Finch isn't Wagner - but he's sure a legend in his time. And he smirks as the dogs retreat downstairs and the sound shakes loose some plaster from my 1879 house. No-one comes running. The cops keep away. A car alarm goes off somewhere.
"It's a masterful new album" I mouth at Finch, above his trademark chugging guitar, shifting like a locomotive through the speakers. The tracks run on but finally we wind down the sound - surprised actually that we're still in one piece. Its not heavy stuff but Finch's music is all consuming. Always has been. And there's not so much a whiff of a lead axe.
Right now, with intricate technology at his disposal, via Alan Judd's Leopard Moon Studios in Westville, Finchy sounds even better. Judd is co-producer with acoustic guitar legend Dave Marks and Finch himself.
It's the kind of technology that was never available when Finch was thrown into the musical deep end at age 18 by Mel (Green), Mel (Miller) and Julian (Laxton) in Durban.
"Sing, man" they told him. And he did. He played his first regular gig on the sedate Al Fresco hotel's veranda, in among the huge, weeping, palm trees, on the Esplanade. Finch has hung-ten on many waves since then. He's also played in London, done Stockholm, had his album Playgrounds in Paradise (with Kenny Henson), used as the sound track to a major surfing movie. He's done folk festivals, inside concerts, open-air gigs. Name it, he's done it. Now he lives in Cape Town, with regular slots at the Oak Lodge in Gardens, and uses his hands "to build things". It's his "other" job.

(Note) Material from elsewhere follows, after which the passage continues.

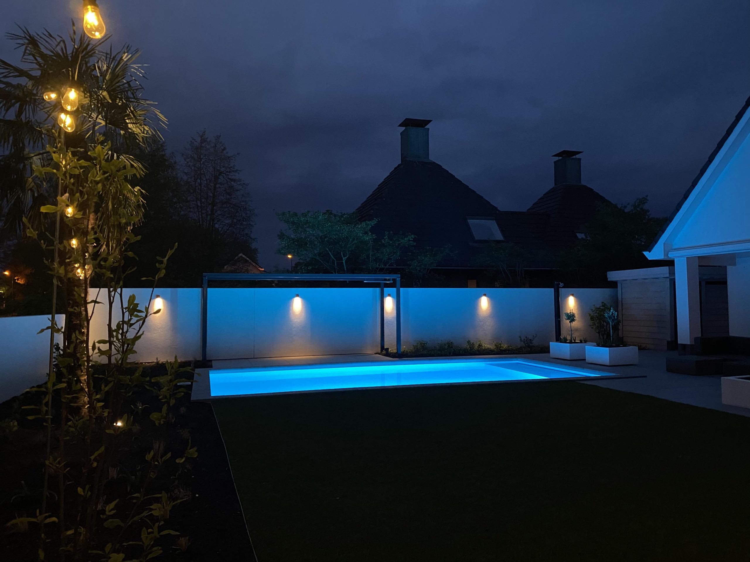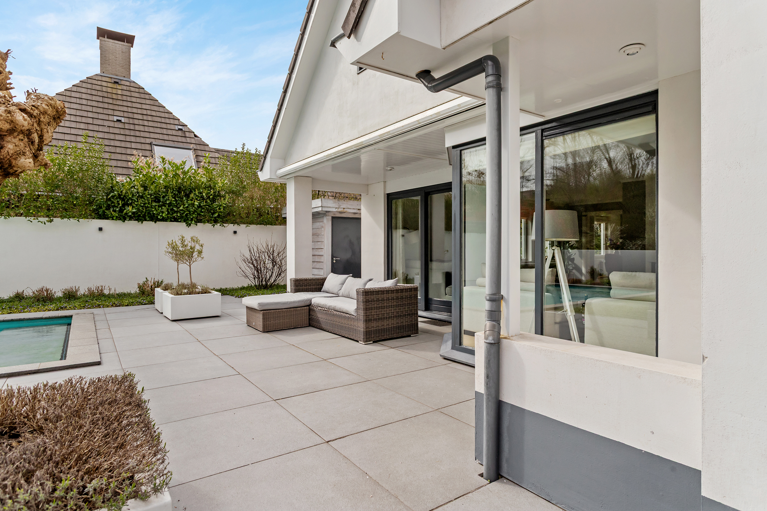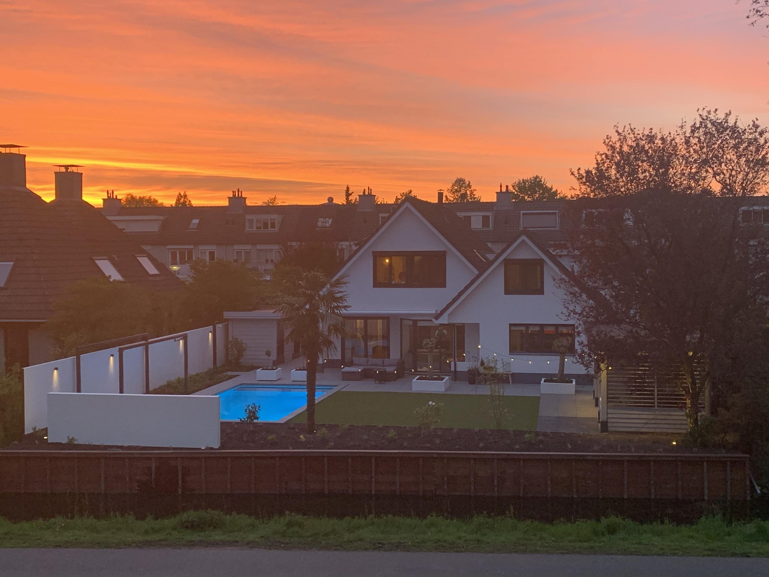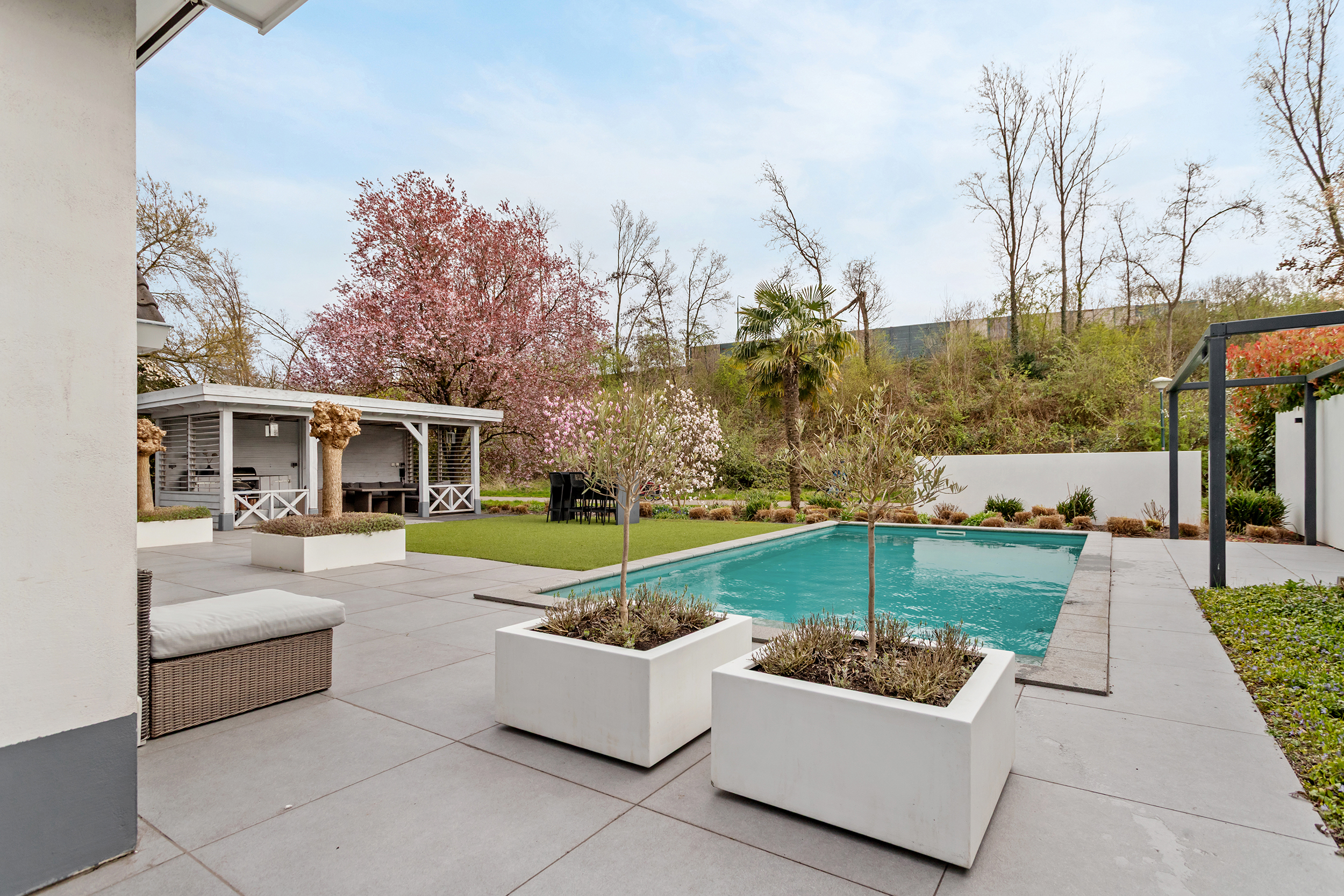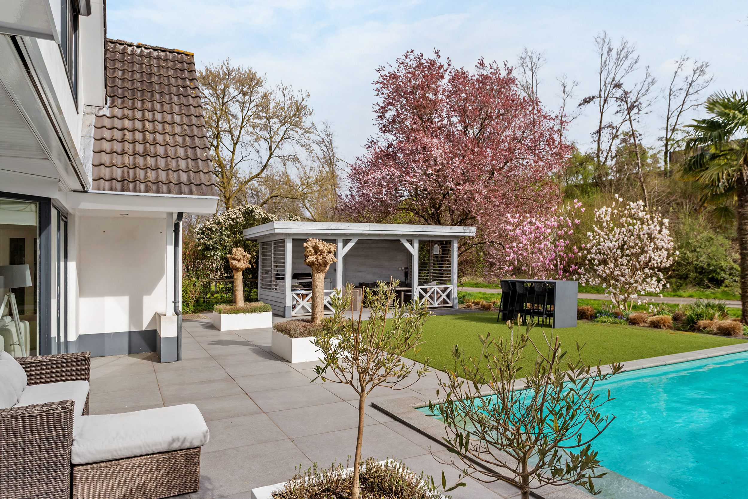 De tuin is royaal opgezet en fraai aangelegd met een mooie afwisseling van groen, gazon en strakke terrassen. Met de ligging op het zuiden geniet je hier de hele dag van de zon. Direct aan de woning ligt een ruim terras waar je moeiteloos lange dagen buiten doorbrengt, met het zwembad als absoluut middelpunt. Hier begint de dag met een kop koffie in de zon en eindigt hij met een verfrissende duik op een warme avond.
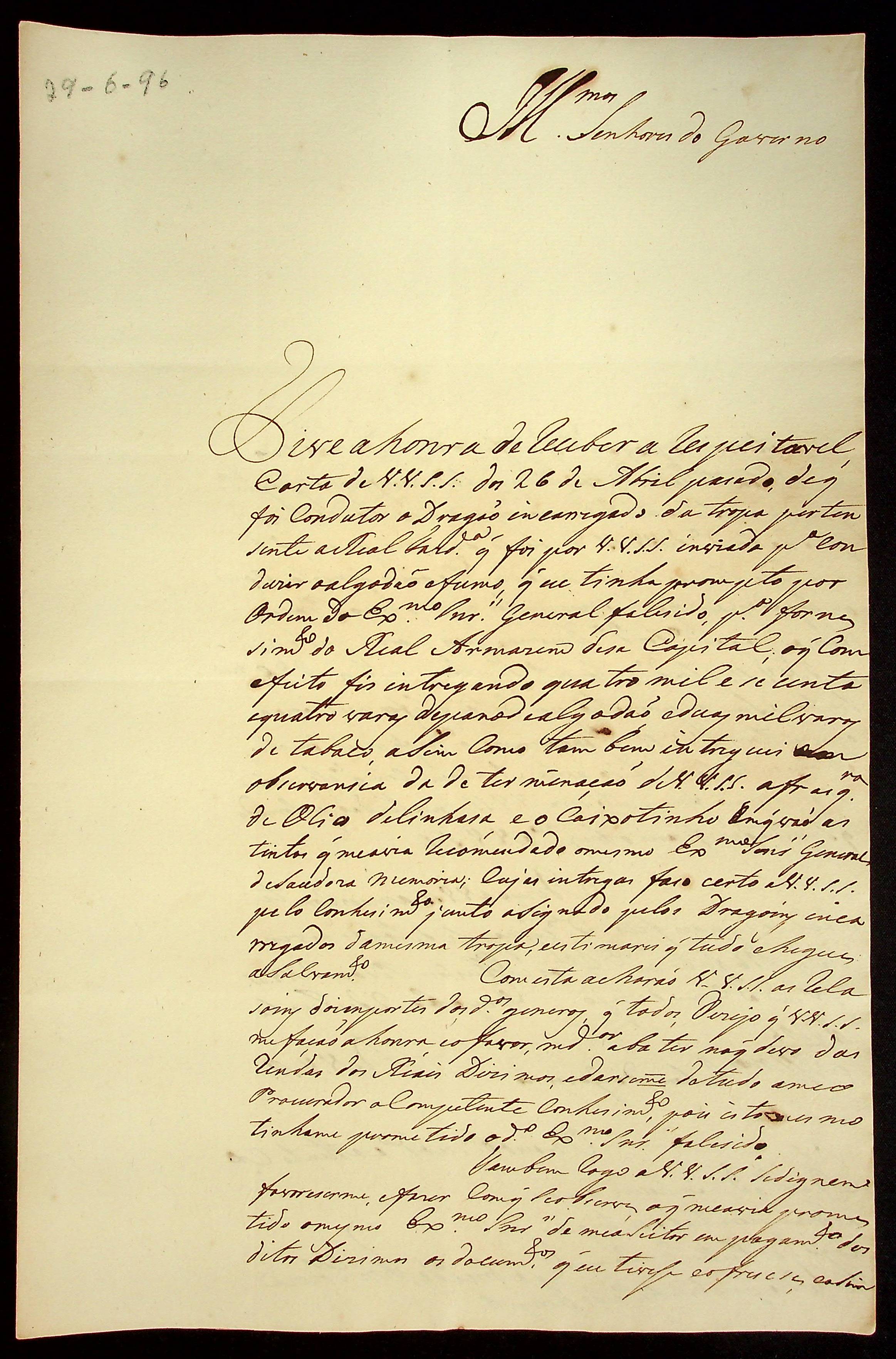 CARTA de Gabriel de Fonseca de Souza à [Primeira Junta Governativa da Capitania de Mato Grosso].

But it's the music that matters most. Finchy has never changed - the steamroller, galloping syncopated chords, the flat country drawl - the agonising, beautiful self-penned songs. They've set him apart since 1966 - and created 10 albums for him.
He's called this one Hero of Heroes and it speaks of the open road, bikers, angels and freedom. It's vintage Finch - with a tribute to his daughter called Tansy, and a song about his brother who lives at Folley Beach in South Carolina, among others.
But he lets loose with Ramsay McKay's seminal Orang Outang, adding extra words to this relatively unknown anthem of Africa. Music from a home-made Zulu violin (nDloko) introduces the track. Finch says: "I was in Dave Marks' lounge when this fellow walked past in Currie Road, playing this music. I shot up, ran out and grabbed him - he was playing just what I wanted for the track. His name is John Gcaba - and we put him the studio and onto the CD."
Another classic is Finch's arrangement of the traditional Freedom/Motherless Child (which Ritchie Havens made famous at Woodstock). A symphonic synthesiser, nudging itself through the bridge, adds a superb, ethereal, shivering touch.
But Finch's final track is beautiful. He's called it Positively No Bob Dylan, and is an ironic catchy throwaway. Finch does not play Bob Dylan - and the lyrics tell why. He says: "I wrote it after seeing Bob Dylan in concert at the Wembley Arena in London last year - that was a gas."
So is the album. "We put it all together in six weeks," says Finch, modestly. "It was a superb time."
And from the master of country rock, a superb album.